„Themen, die kirchlicher gar nicht sein können“

Interview mit Bischöfin Kerstin Fehrs, Mitglied des Rates der EKD, über das kirchliche Aktionsbündnis zum G20-Gipfel

„global. gerecht. gestalten.“ heißt das kirchliche Aktionsbündnis zum G20-Gipfel in Hamburg. Es organisiert Podien, Diskussionen, Gottesdienste und will dadurch den Staatengipfel „konstruktiv begleiten“. Eine Initiatorin des Bündnisses ist die Bischöfin Kirsten Fehrs.

Bischöfin Kirsten Fehrs

Frau Bischöfin Fehrs, Montagmorgen, 10. Juli 2017 – worauf blicken Sie dann zurück?

Kirsten Fehrs: Hoffentlich auf ein Wochenende ohne Gewalt. Und auf eine friedliche, bunte und starke Demonstration aller bürgerlichen Kräfte für Frieden, Gerechtigkeit und die Bewahrung der Schöpfung.

Gehen Sie am 8. Juli auf eine der Demonstrationen?  

Fehrs: Ja. Ich mache mit bei „Hamburg zeigt Haltung“ – da geht man als Einzelmensch hin, nicht als Organisation. Jeder kann sich anmelden. Wir brauchen eine machtvolle und friedliche Darstellung eines demokratischen Hamburgs. Das sind wir auch der Stadt schuldig, in der dieser Gipfel stattfindet. Aber jede Art der Gewalt lehne ich, und lehnen wir auch als Kirche grundsätzlich ab.

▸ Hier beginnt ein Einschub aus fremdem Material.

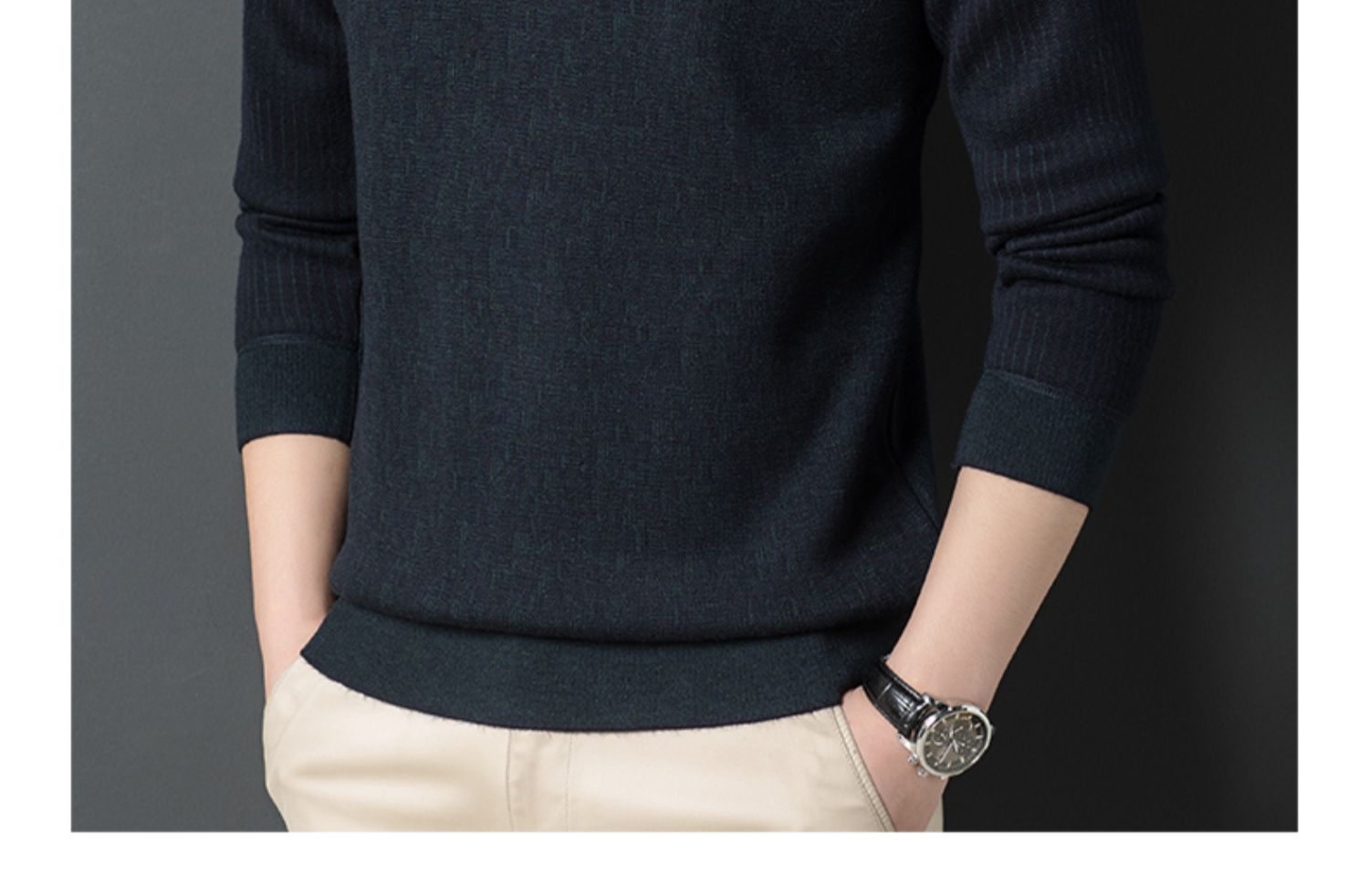 圣得西男士时尚新颖圆领舒适长袖针织衫T恤
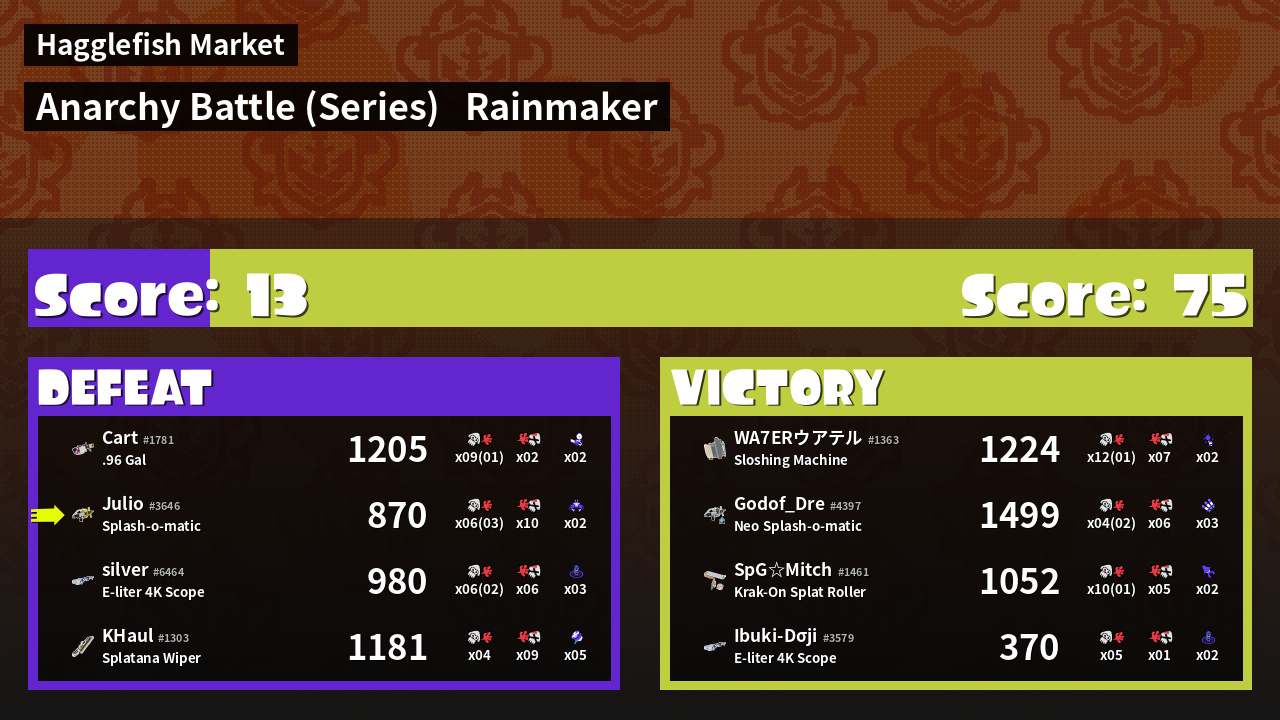 | Medals | #1 Score Booster Record-Score Setter #1 Splat Assister | ||

Müssen Sie als Bischöfin ganz vorn mit dabei sein?

Fehrs: Auf jeden Fall. Schauen Sie sich die G20-Agenda an: Da geht es ums Klima, um Flüchtlinge, Bildung und Geschlechtergerechtigkeit, alles überlebenswichtige Zukunftsthemen, alles Themen, die kirchlicher gar nicht sein können. Wir haben als Christen in der Welt den Auftrag, unsere Stimme zu erheben. Und es sind ja auch Vertreter anderer Religionsgemeinschaften dabei.

„Wir haben als Christen in der Welt den Auftrag, unsere Stimme zu erheben.“

Bischöfin Kirsten Fehrs
Kirsten Fehrs Bischöfin im Sprengel Hamburg und Lübeck der Nordkirche und Mitglied des Rates der EKD

So ein Gipfel kostet Millionen von Euro – ist er das wirklich wert?

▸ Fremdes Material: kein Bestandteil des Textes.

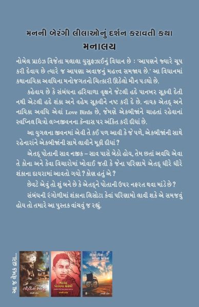 Manalay by Rajni Patel | Gujarati Novel book.મનાલય - લેખક : રજની પટેલમનના દર્પણમાં નહીં ઝિલાયેલા દશયો ની મૌન કબૂલાત. મનની બેરંગી લીલાઓનું દર્શન કરાવતી કથાઃ મનાલયનોબેલ પ્રાઇઝ વિજેતા મલાલા યુસુફઝાઈનું વિધાન છે : ‘આપણને જ્યારે ચૂપ કરી દેવાય છે ત્યારે જ આપણા અવાજનું મહત્ત્વ સમજાય છે.’ આ વિધાનમાં કથાનાયિકા અવધિના મનોજગતનો ચિત્કારી ઊઠેલો મૌન પડઘો છે.કહેવાય છે કે સંબંધના હરિયાળા વૃક્ષને જેટલી હદે પાનખર સૂકવી દેતી નથી એટલી હદે શંકા અને વહેમ સૂકવીને નષ્ટ કરી દે છે. નાયક એતદ્ અને નાયિકા અવધિ એવાં Love Birds છે, જેમણે એકબીજાંને ચાહતાં રહેવાનાં સ્વપ્નિલ ચિત્રો લગ્નજીવનના કૅન્વાસ પર અંકિત કરી દીધાં છે.આ યુગલના જીવનમાં એવી તે કઈ પળ આવી કે જે પળે, એકબીજાંની સાથે રહેનારાંને એકબીજાંની સામે લાવીને મૂકી દીધાં? એતદ્ પોતાની સાવ નજીક – સાવ પાસે બેઠો હોય, તેમ છતાં અવધિ એવા તે કોના અને કેવા વિચારોમાં ખોવાઈ જતી કે જેના પરિણામે એતદ્ ધીરે ધીરે શંકાના દાયરામાં આવતો ગયો? કોણ હતું એ?છેવટે એવું તો શું બને છે કે એતદ્ને પોતાની ઉપર નફરત થવા માંડે છે?સંબંધની રંગોળીમાં શંકાના લિસોટા કેવાં પરિણામો લાવી શકે એ સમજવું હોય તો તમારે આ પુસ્તક વાંચવું જ રહ્યું. |
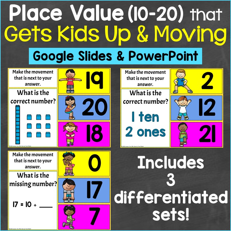 Since our young learners just are not wired for this type of environment, I wanted to create a way for them to get up and move while learning. Because our school requires activities to be linked to standards, I created activities that require students to show their answers to questions by doing movements instead of just saying or inputting their responses. This way, they are using purposeful movements to help them learn and practice standards. Using purposeful movements during a lesson enhances students’ comprehension and retention and makes learning more fun!
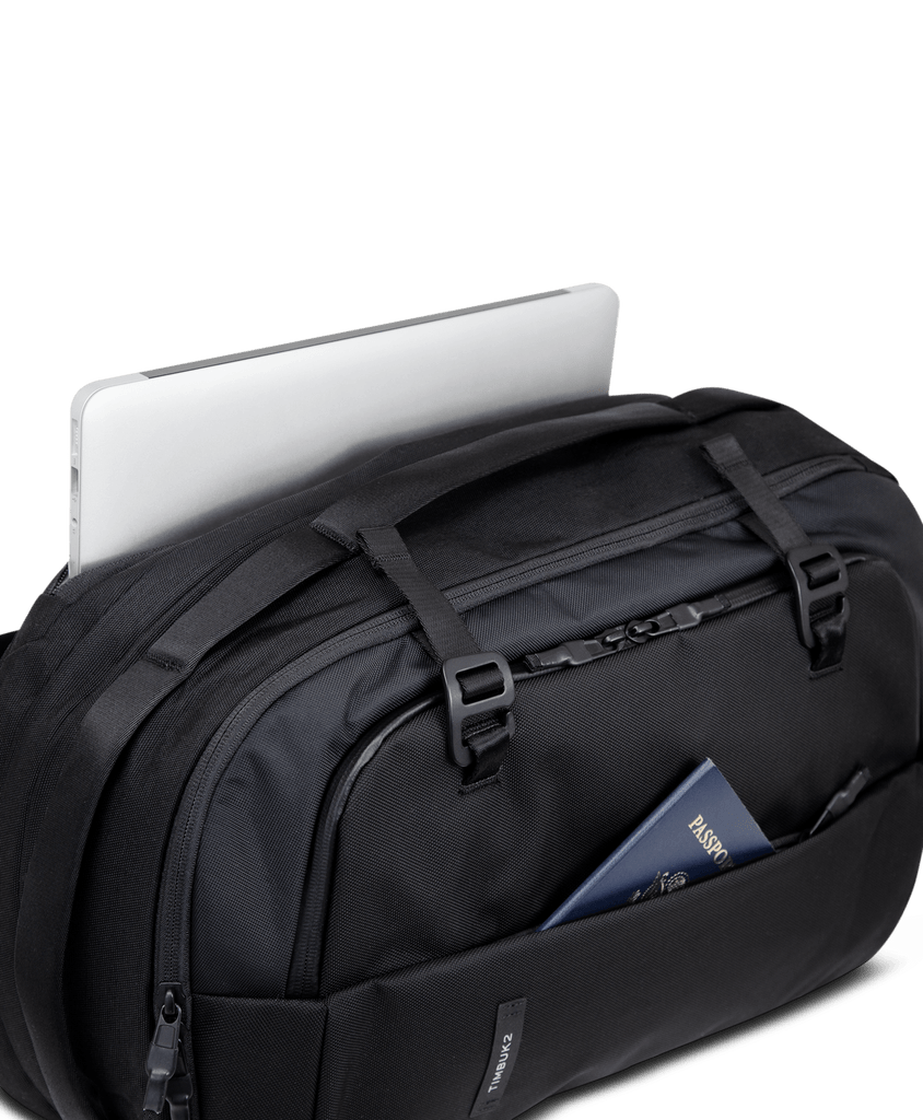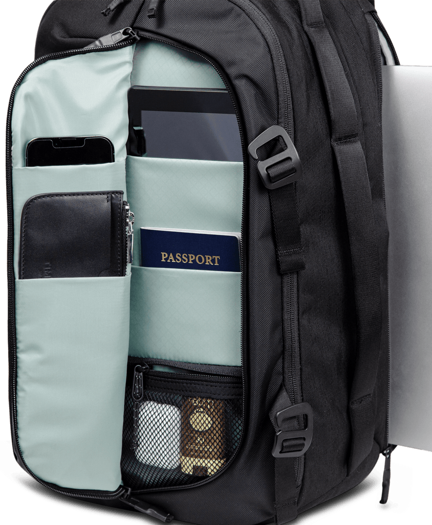 A laptop pack that grows, the Expandable backpack is a carry-on dream come true. Quick access external pockets and a gusseted main compartment zipper with securing hooks mean you can both grab and stuff very quickly, while front pocket organization helps restore calm. Padded shoulder straps and back panel makes airport sprints almost comfortable and weatherproof zippers keep ever threatening liquids out. And all of this in a tasteful package; premium materials and contemporary coloring belie the Expandable's supreme functionality. Always wear it, never check it.

Fehrs: Wie sollen die komplexen Themen dieser Welt anders gelöst werden als durch Gespräche? Auch mit Autokraten, denn die sind ein Teil des Problems. Natürlich ist viel Schau dabei – doch wichtiger ist es, dass man miteinander redet: von den Staatschefs bis hin zu den wirklichen Fachleuten. Ich sehe keine Alternativen zum Dialog.

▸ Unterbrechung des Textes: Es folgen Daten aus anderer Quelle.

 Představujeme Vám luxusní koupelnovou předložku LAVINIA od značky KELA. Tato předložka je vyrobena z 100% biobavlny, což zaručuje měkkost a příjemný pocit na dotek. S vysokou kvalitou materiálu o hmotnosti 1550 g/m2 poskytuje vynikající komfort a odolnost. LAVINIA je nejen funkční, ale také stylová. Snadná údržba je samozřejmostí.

Gibt es Kritik am kirchlichen Engagement bei G20?

Fehrs: Nicht alle finden es gut, wenn sich die Kirche politisch posi­tioniert. Andere meinen, wir könnten gern noch offensiver sein. Da gibt es viele Stimmen, auch innerhalb unseres Aktionsbündnisses, das ja breit aufgestellt ist. Wir alle sind miteinander in einem wirklich konstruktiven Dialog, gut protestantisch eben. Eine Rolle spielt auch, dass die Weltpolitik sich gerade nahezu täglich ändert!  

Wird es Gottesdienste geben?

Fehrs: Es gibt ein interreligiöses Friedensgebet und Friedensandachten. Schon jetzt machen ganz viele mit, auch im Erzbistum. Und gemeinsam mit der Arbeitsgemeinschaft Christlicher Kirchen in Hamburg feiern wir einen großen ökumenischen Gottesdienst, morgens am 8. Juli. Darauf freue ich mich sehr. Hier können wir auch der Weltöffentlichkeit zeigen, was Ökumene schaffen kann. Und anders als der G20-Gipfel selbst haben wir Vertreter armer Länder als gleichberechtigte Partner eingeladen.